In 1980, he served as an assistant coach with the Eastern Connecticut State University men's soccer team. He then moved to Springfield College where he coached the junior varsity and freshmen teams while working on his master's degree in counseling. In 1983, he became an assistant coach at Clemson University. In 1985, he became the head coach at Wright State University. Over twelve seasons, he compiled a 134–72–28 record. On May 28, 2002, he was inducted into the WSU Athletics Hall of Fame. In 1996, the Columbus Crew of Major League Soccer hired Andrulis as the top assistant to head coach Tom Fitzgerald. Andrulis became the Crew's interim coach midway through the 2001 season, after Fitzgerald was fired. He was hired as permanent head coach after the season. In 2002, he led the Crew to its first title, the U.S. Open Cup. In 2004, Andrulis took the Crew on a league-record streak without a loss, and was named MLS Coach of the Year.

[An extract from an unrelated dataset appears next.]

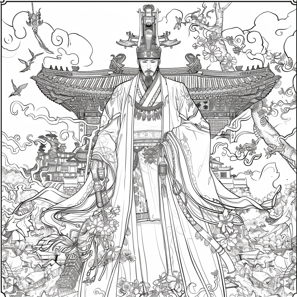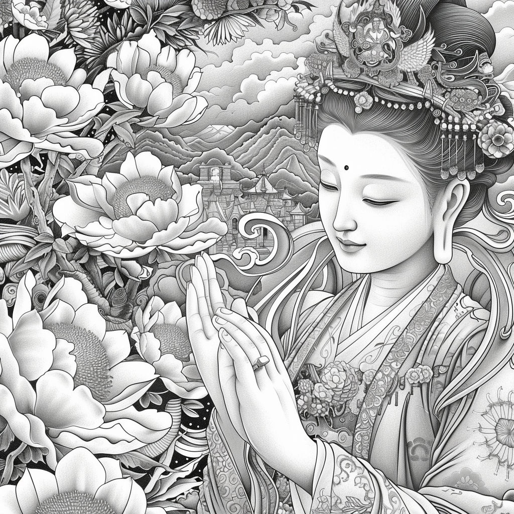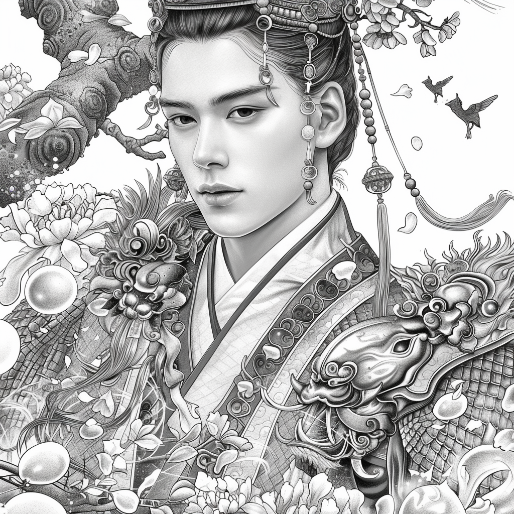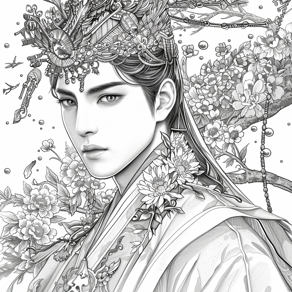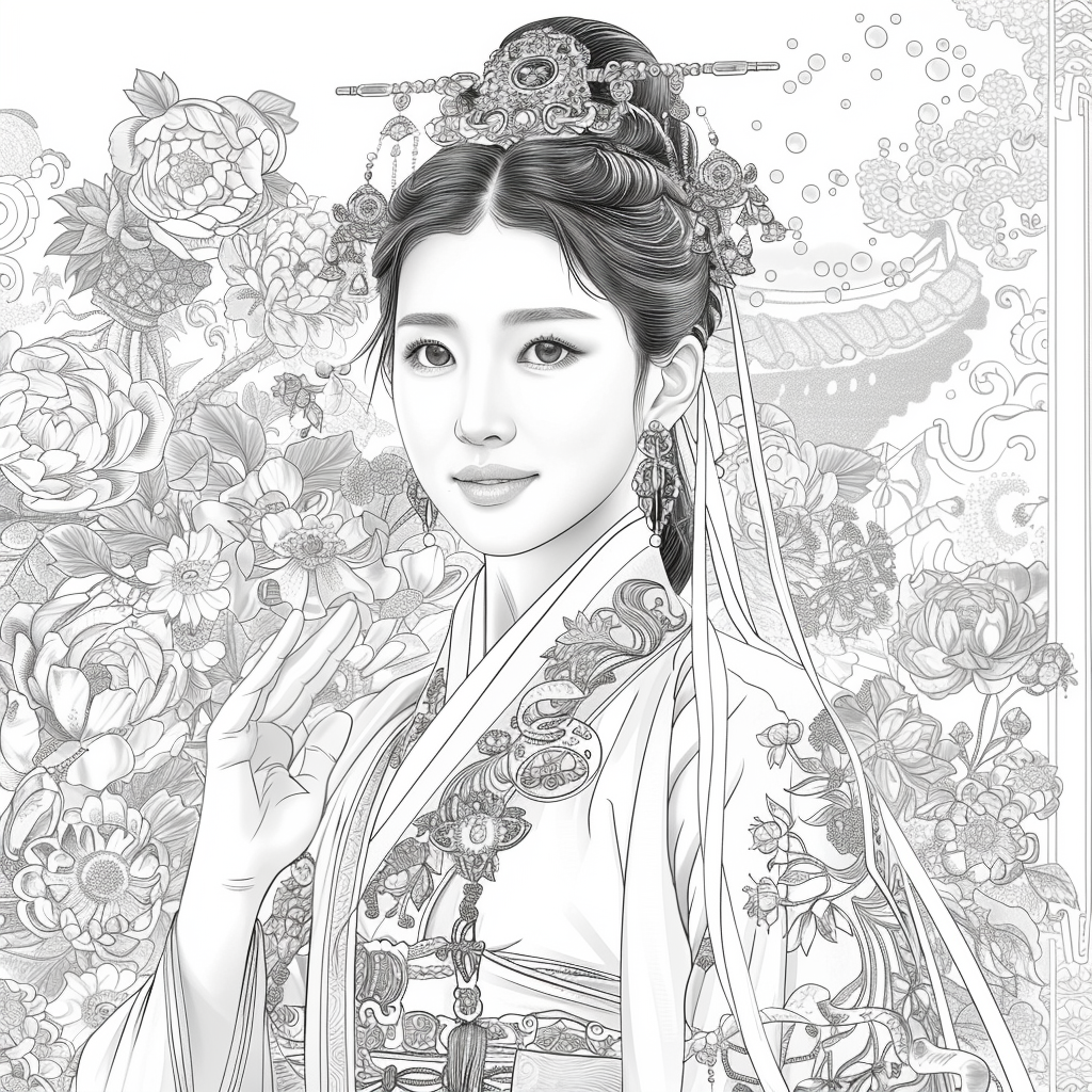 Amidst a flourishing paradise of blossoms and soaring birds, the empress steps gracefully through a dreamlike landscape. Draped in flowing silk robes of turquoise, crimson, and gold, her gown blooms with embroidered flowers that merge seamlessly with the living garden around her. Cherry blossoms drift through the air, carried by the breeze, as birds in vibrant flight accompany her presence. Behind her, an ornate palace rises among ancient trees, symbolizing the harmony of human artistry and natural wonder. With long flowing hair adorned in floral ornaments, she embodies beauty, renewal, and the eternal spirit of spring. This artwork radiates serenity and majesty, as if capturing the very soul of a goddess walking within a painting of paradise.

Following up on a disappointing playoff appearance in 2004, in 2005, Columbus got off to a slow start at 4–10–2, and Andrulis was fired. His assistant, Robert Warzycha led the team for the remainder of the 2005 season in an interim role.

On August 17, 2005, George Mason University hired Andrulis as head coach of the men's soccer team. In 2006, he led George Mason to its first NCAA tournament bid in 20 years.